I have been surprised by the coverage given to a small comment by a member of the EU Commission with regards to a question with regards to software patents. The full answer from the Commission can be found here. Most of the press reports are inaccurate, as usual. Yours truly will endeavour to cut through the falsehoods to get to the heart of the story.

For those unfamiliar with the intricacies of the European software patent debate, computer programs as such are not patentable subject matter in the EU, but the Board of Appeals of the European Patent Office (EPO) has repeatedly ruled that software which has a technical effect can be an invention, and therefore patentable. Many of the press reports have stated that the EPO Board of Appeals rulings with regards to software patents are not binding to member states of the EU. To me this is obvious because the EPO is NOT an EU institution, and the EPO board of Appeals rulings are binding only to the EPO. However, the Office’s practice has been applied in several national cases, particularly by courts in the UK.
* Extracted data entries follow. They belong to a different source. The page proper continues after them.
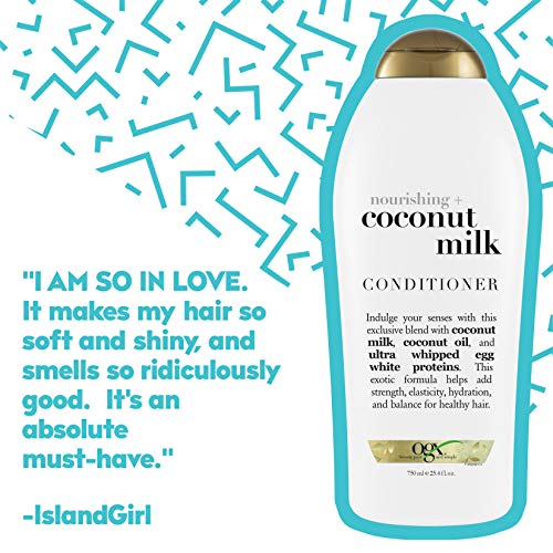 TRANSPORT HAIR TO THE TROPICS: This 25.4-fluid ounce bottle of OGX Nourishing + Coconut Milk Conditioner helps strengthen and hydrate hair, leaving it looking glowing, healthy and beautiful with every use
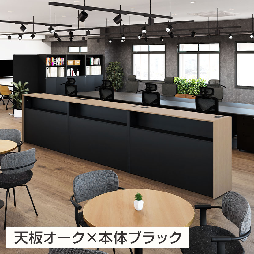 フリーアドレスと共有スペースの間に配置したり、フリーアドレスのエンドに設置したりすることで間仕切り兼収納としても活躍。空間の境界を作りつつ、共有資料や備品をすぐに取り出せる場所に保管できます。
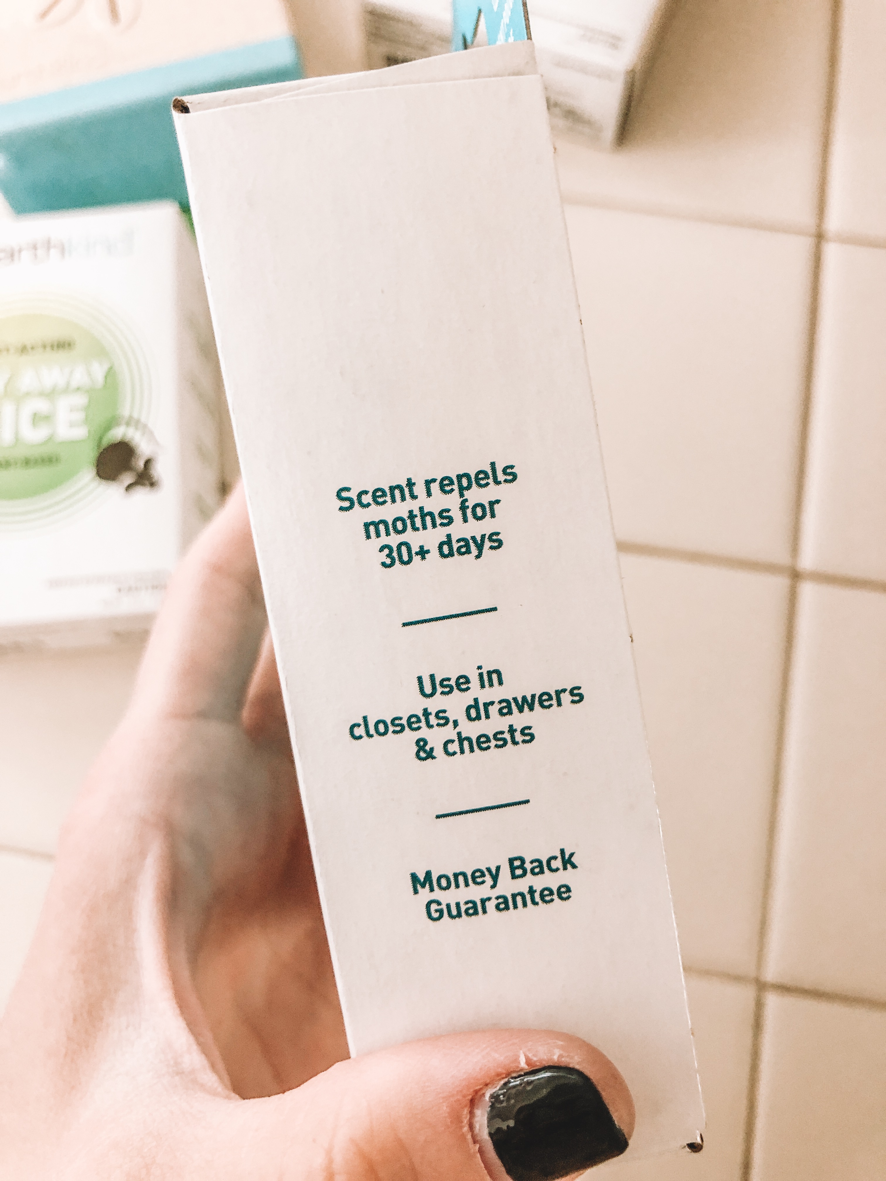 Stay Away uses a pouch method: a little bag of filler treated in the botanical oils with specifically- selected scents to keep different types of critters away, depending on the box. My sample included pouches for mice, spiders, moths, and, yes, those dreaded ant creatures.
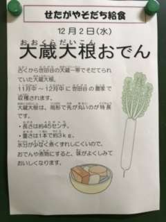 今日の給食は世田谷で育てられている大蔵大根を使ったおでんです。
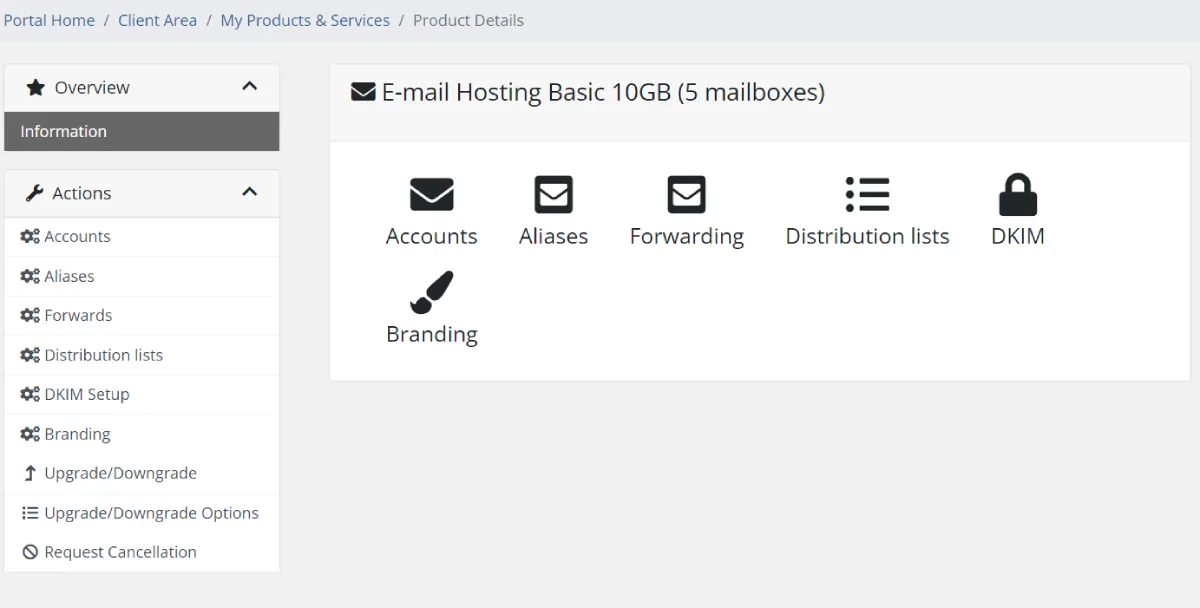 Define your email hosting plans inside WHMCS and start offering them to your new and existing customers. It’s that easy!
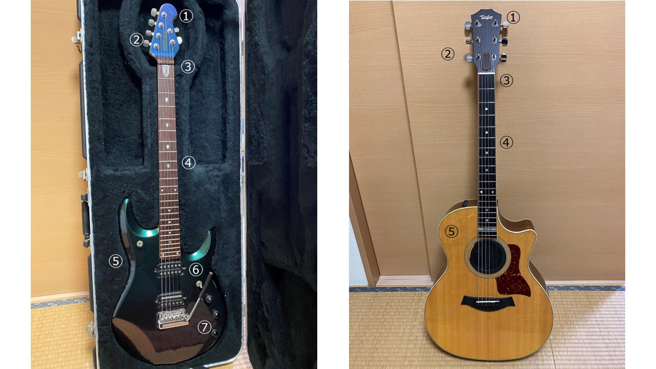 こちらは筆者が実際に所持しているギターになります。本記事で紹介しているパーツ がどの部分の名称のことなのか、①~⑦の番号で是非確認してみてください。
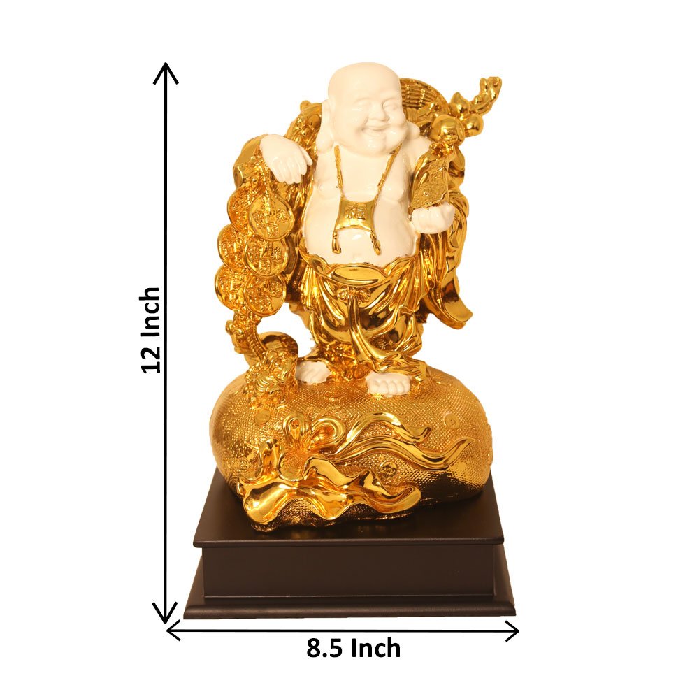 Make in India Gold Plated Laughing Buddha Statue is made by professional artisans using high quality row material. Great look with unfadable color. Showpiece direct from factory at wholesale price This Showpiece is easily cleanable by wet/Dry Cotton Cloth.
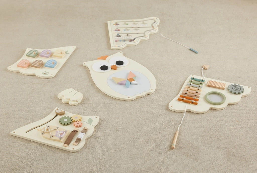 Η σχεδιαστική κουκουβάγια με απλωμένα φτερά προσφέρει στα παιδιά παιχνιδιάρικη εξερεύνηση: ξυλόφωνο, οδοντωτούς τροχούς, συρόμενα και ανοιγόμενα στοιχεία, λαβύρινθο, χάντρες, πορτάκια με απτική έκπληξη και μαγνητικό πίνακα. Οι γενναιόδωρες διαστάσεις ενθαρρύνουν το ομαδικό παιχνίδι περισσοτέρων παιδιών και ταυτόχρονα δημιουργούν κομψή διακόσμηση τοίχου.
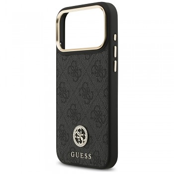 Pouzdro Guess Hardcase 4G Strass Logo MagSafe v elegantní černé barvě se pyšní ikonickým 4G monogramem, který je decentně vyražen po celé zadní straně krytu, což mu dodává sofistikovaný a rozpoznatelný vzhled. Dominantním prvkem je pak kulaté kovové logo Guess s propletenými iniciály, které je precizně osázeno třpytivými kamínky, dodávajícími pouzdru exkluzivní a oslnivý lesk. Okolo modulu fotoaparátu se nachází elegantní zlatý rámeček, který nejen chrání čočky, ale zároveň vytváří luxusní kontrast s černým povrchem. Tlačítka jsou rovněž ve zlaté barvě, což podtrhuje celkový prémiový dojem a zajišťuje snadné ovládání.

As far as I can decipher the comment by the European Commission, the status quo would not change with the establishment of a European Community Patent. There is a new European Regulation being discussed that will create a “Community Patent”, but this new figure will be administered by the EPO. In my opinion, the new regulation would mostly “legitimise” the status of the EPO, it does not work against the existing system, but parallel to it. One of the important provisions of the existing Patent Convention (the one that gives power to the EPO), is that it has a provision which excludes patentability on some Fields of endeavour, software included (Article 52). From the comment, the Commission is only stating that the existing exclusion will be carried into the Community Patent Regulation. This was already on the cards as far as I’m aware, so I’m a bit surprised by all the excitement.